== Segment start ==
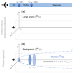 In the instantaneous dispersion approach, the ID box is initialised diluting the emissions inside a large-scale grid-box with a cross-section area Agridbox=300 km2. Therefore, the emission values are scaled to the grid-box area with respect to the initial plume area Aplume(t0) within the model and later mixed with the background concentrations:
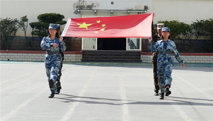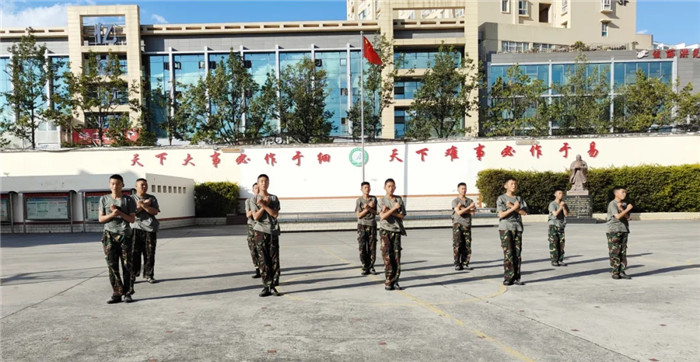 首先,進行的是基本隊列表演!吧韵ⅲ×⒄......”隨著指揮員的口令,同學們按規(guī)定完成了停止間轉法、齊正步行進與立定、敬禮與禮畢等一至八個訓練科目,每個動作都令行禁止,整齊的臂線、鏗鏘的步伐、嘹亮的口號,無不展現(xiàn)了同學們“站、立、行”的隊列規(guī)范和良好的精神風貌。
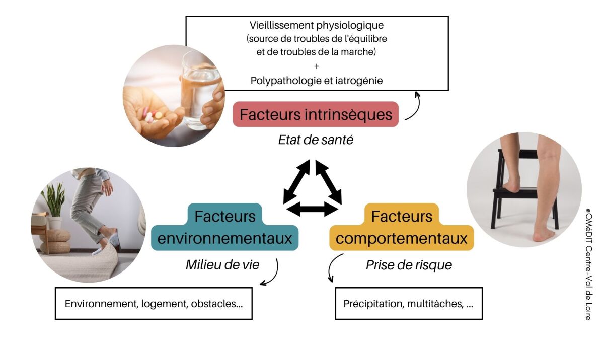 La chute est la conséquence de plusieurs mécanismes associés à différents facteurs de risque possibles.
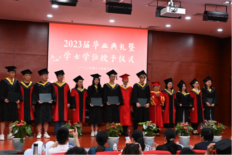 骊歌随起梦蝶振翅,拨穗正冠扬帆远航。愿毕业生们乘风破浪,努力前行,保持“反思”,敢于“亮剑”,在实现中华民族伟大复兴的赛道上奋力拼搏。最后,人工智能与大数据学院想对所有的毕业生们说一声祝贺!相信你们会在未来的道路上取得更加辉煌的成就!
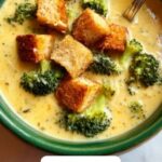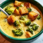 This Creamy Broccoli Cheddar Soup is a comforting, velvety blend of tender broccoli, sharp cheddar, and Parmesan cheese in a rich, buttery base. Made with simple ingredients and cooked on the stovetop, it’s perfectly hearty and ideal for cozy lunches or dinners. The soup is thickened with a classic roux made from butter and flour, with a touch of mustard powder and nutmeg to enhance the flavors, finished off with croutons for a satisfying crunch.
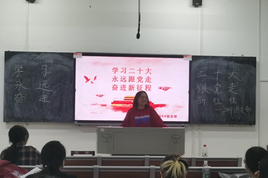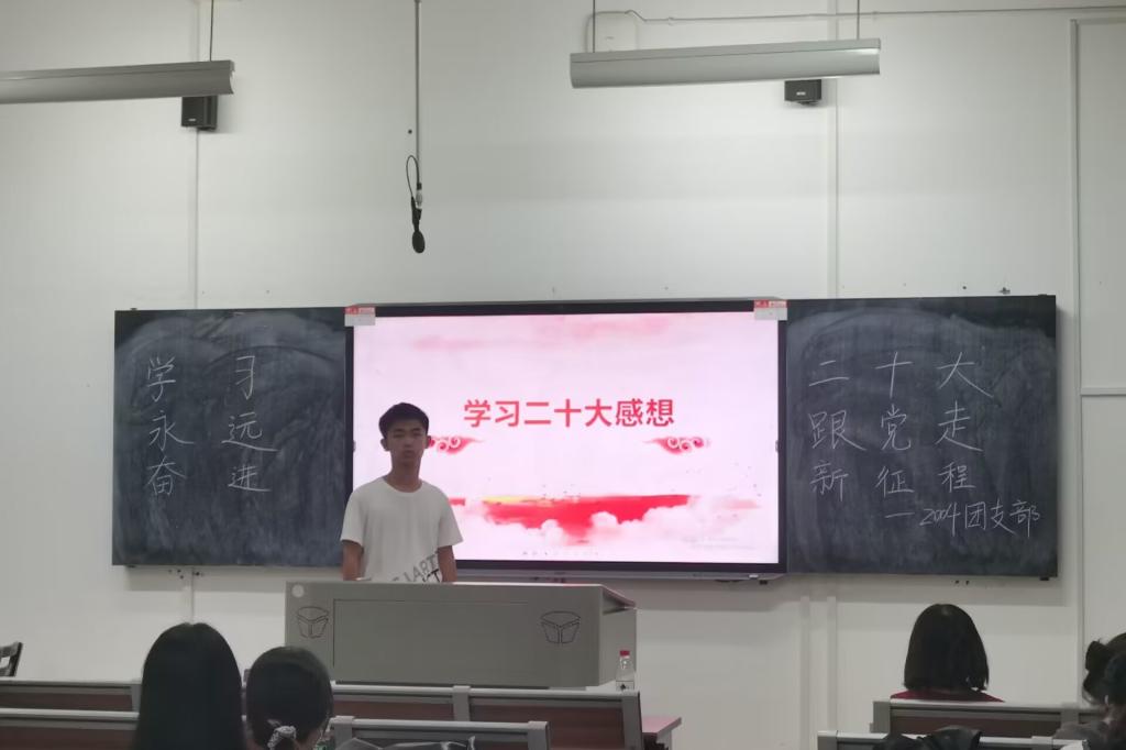 活动伊始,肖佳慧引导大家回忆二十大的内容,对此次活动主题进行阐述分析。此环节结束后,肖佳慧从四个方面——党的二十大介绍、二十大精神(含报告)解读、《中国共产党章程(修正案)》修订主要内容以及习近平总书记主持大会并发表重要讲话精神学习,来开展此次团日活动,加深了支部成员对二十大的理解,提高了对党、对国家的尊敬与拥护,思想上更向党组织靠拢。活动最后预备党员吴昊上台分享感想,起到了模范带头作用。
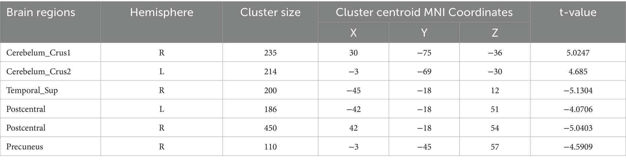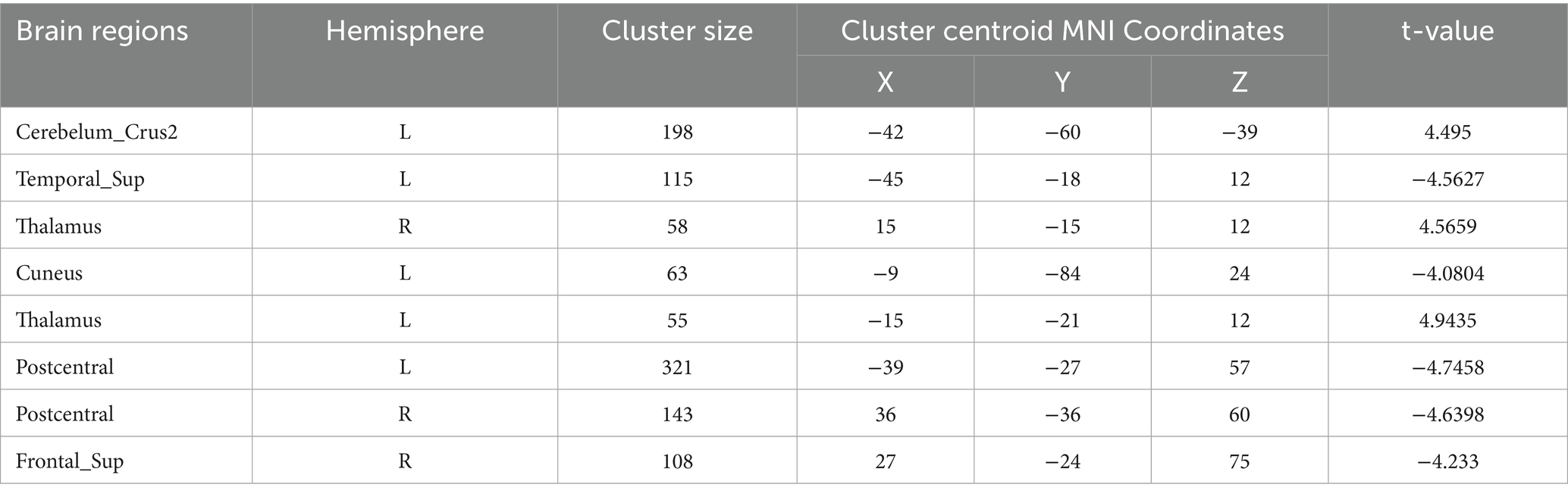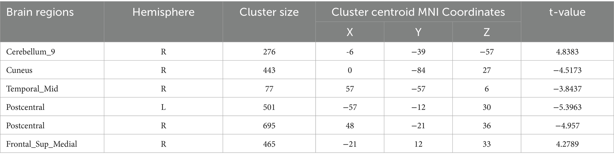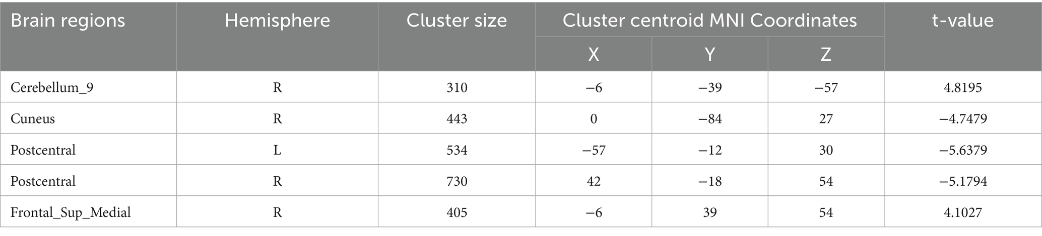 Regional spontaneous activity (mALFF / zALFF) (Tables 2, 3; Figures 1, 2): Relative to controls, patients showed higher mALFF in the right cerebellar lobule IX (MNI − 6, −39, −57; cluster = 276; t = 4.8383) and right medial superior frontal gyrus (MNI − 21, 12, 33; cluster = 465; t = 4.2789). Lower mALFF emerged in the bilateral postcentral gyrus [left: MNI − 57, −12, 30; cluster = 501; t = −5.3963; right: MNI 48, −21, 36; cluster = 695; t = −4.957], right cuneus (MNI 0, −84, 27; cluster = 443; t = −4.5173), and right middle temporal gyrus (MNI 57, −57, 6; cluster = 77; t = −3.8437). The zALFF map reproduced this pattern: increased activity in right cerebellar lobule IX (MNI − 6, −39, −57; cluster = 310; t = 4.8195) and right medial superior frontal gyrus (MNI − 6, 39, 54; cluster = 405; t = 4.1027), and decreased activity in the bilateral postcentral gyrus [left: MNI − 57, −12, 30; cluster = 534; t = −5.6379; right: MNI 42, −18, 54; cluster = 730; t = −5.1794] and right cuneus (MNI 0, −84, 27; cluster = 443; t = −4.7479).
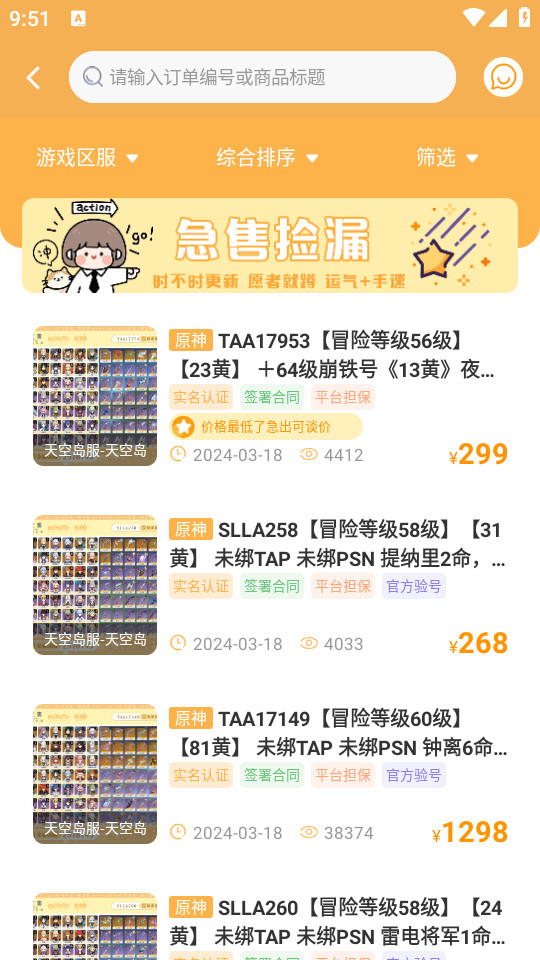 3. 实时更新账号库存,确保用户获取最新最全的游戏账号售卖信息。
== Segment end ==
● Assignment:
The answer is a faithful copy of the records above, with the pictures removed.

● Result of this exercise:
 In the instantaneous dispersion approach, the ID box is initialised diluting the emissions inside a large-scale grid-box with a cross-section area Agridbox=300 km2. Therefore, the emission values are scaled to the grid-box area with respect to the initial plume area Aplume(t0) within the model and later mixed with the background concentrations:
 首先,進行的是基本隊列表演!吧韵ⅲ×⒄......”隨著指揮員的口令,同學們按規(guī)定完成了停止間轉法、齊正步行進與立定、敬禮與禮畢等一至八個訓練科目,每個動作都令行禁止,整齊的臂線、鏗鏘的步伐、嘹亮的口號,無不展現(xiàn)了同學們“站、立、行”的隊列規(guī)范和良好的精神風貌。
 La chute est la conséquence de plusieurs mécanismes associés à différents facteurs de risque possibles.
 骊歌随起梦蝶振翅,拨穗正冠扬帆远航。愿毕业生们乘风破浪,努力前行,保持“反思”,敢于“亮剑”,在实现中华民族伟大复兴的赛道上奋力拼搏。最后,人工智能与大数据学院想对所有的毕业生们说一声祝贺!相信你们会在未来的道路上取得更加辉煌的成就!
 This Creamy Broccoli Cheddar Soup is a comforting, velvety blend of tender broccoli, sharp cheddar, and Parmesan cheese in a rich, buttery base. Made with simple ingredients and cooked on the stovetop, it’s perfectly hearty and ideal for cozy lunches or dinners. The soup is thickened with a classic roux made from butter and flour, with a touch of mustard powder and nutmeg to enhance the flavors, finished off with croutons for a satisfying crunch.
 活动伊始,肖佳慧引导大家回忆二十大的内容,对此次活动主题进行阐述分析。此环节结束后,肖佳慧从四个方面——党的二十大介绍、二十大精神(含报告)解读、《中国共产党章程(修正案)》修订主要内容以及习近平总书记主持大会并发表重要讲话精神学习,来开展此次团日活动,加深了支部成员对二十大的理解,提高了对党、对国家的尊敬与拥护,思想上更向党组织靠拢。活动最后预备党员吴昊上台分享感想,起到了模范带头作用。
 Regional spontaneous activity (mALFF / zALFF) (Tables 2, 3; Figures 1, 2): Relative to controls, patients showed higher mALFF in the right cerebellar lobule IX (MNI − 6, −39, −57; cluster = 276; t = 4.8383) and right medial superior frontal gyrus (MNI − 21, 12, 33; cluster = 465; t = 4.2789). Lower mALFF emerged in the bilateral postcentral gyrus [left: MNI − 57, −12, 30; cluster = 501; t = −5.3963; right: MNI 48, −21, 36; cluster = 695; t = −4.957], right cuneus (MNI 0, −84, 27; cluster = 443; t = −4.5173), and right middle temporal gyrus (MNI 57, −57, 6; cluster = 77; t = −3.8437). The zALFF map reproduced this pattern: increased activity in right cerebellar lobule IX (MNI − 6, −39, −57; cluster = 310; t = 4.8195) and right medial superior frontal gyrus (MNI − 6, 39, 54; cluster = 405; t = 4.1027), and decreased activity in the bilateral postcentral gyrus [left: MNI − 57, −12, 30; cluster = 534; t = −5.6379; right: MNI 42, −18, 54; cluster = 730; t = −5.1794] and right cuneus (MNI 0, −84, 27; cluster = 443; t = −4.7479).
 3. 实时更新账号库存,确保用户获取最新最全的游戏账号售卖信息。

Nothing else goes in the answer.